Exercise brief ▸ Copy out the data that comes next, character for character, and leave the images aside.

Supplied information ▸
---+---

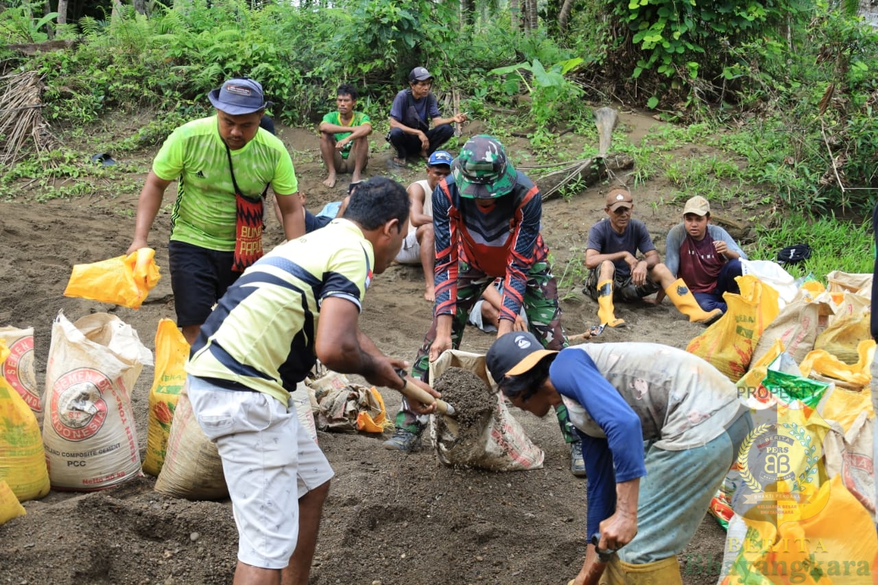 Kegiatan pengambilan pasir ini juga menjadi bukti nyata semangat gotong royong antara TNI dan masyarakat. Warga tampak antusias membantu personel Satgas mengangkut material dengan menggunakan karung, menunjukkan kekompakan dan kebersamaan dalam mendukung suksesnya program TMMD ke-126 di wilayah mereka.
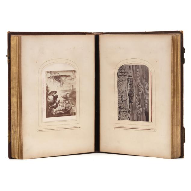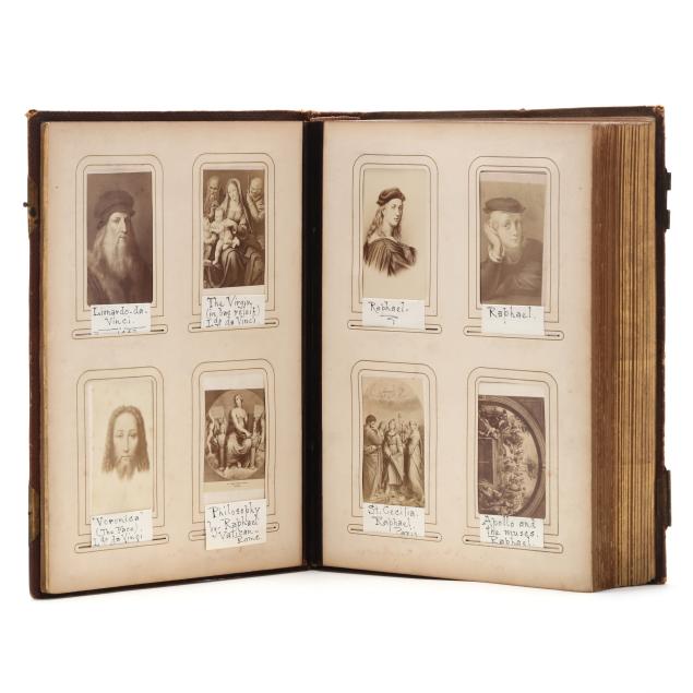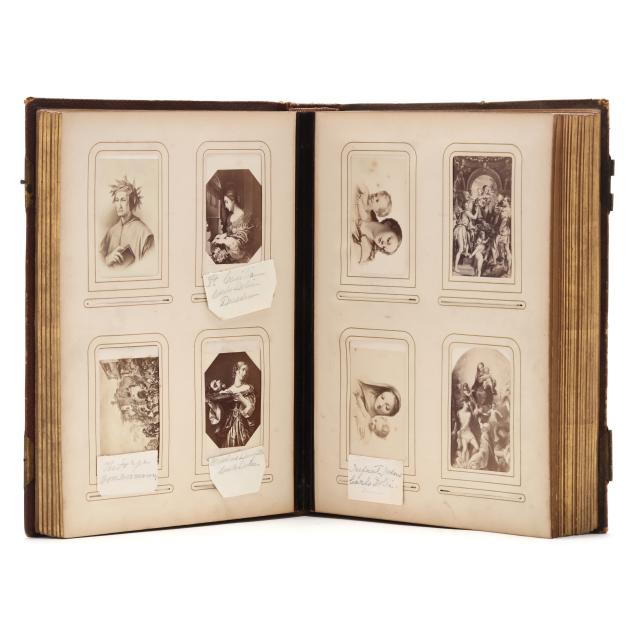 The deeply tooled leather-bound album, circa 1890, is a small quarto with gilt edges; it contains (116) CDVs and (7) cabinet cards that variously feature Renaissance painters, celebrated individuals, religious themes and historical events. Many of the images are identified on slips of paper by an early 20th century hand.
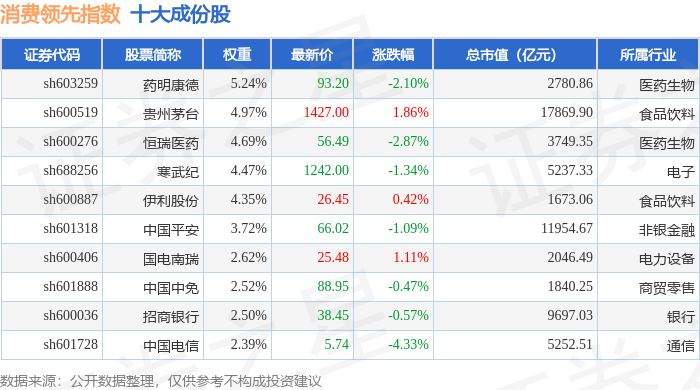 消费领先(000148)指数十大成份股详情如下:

---+---

Solved exercise ▸
 Kegiatan pengambilan pasir ini juga menjadi bukti nyata semangat gotong royong antara TNI dan masyarakat. Warga tampak antusias membantu personel Satgas mengangkut material dengan menggunakan karung, menunjukkan kekompakan dan kebersamaan dalam mendukung suksesnya program TMMD ke-126 di wilayah mereka.
 The deeply tooled leather-bound album, circa 1890, is a small quarto with gilt edges; it contains (116) CDVs and (7) cabinet cards that variously feature Renaissance painters, celebrated individuals, religious themes and historical events. Many of the images are identified on slips of paper by an early 20th century hand.
 消费领先(000148)指数十大成份股详情如下:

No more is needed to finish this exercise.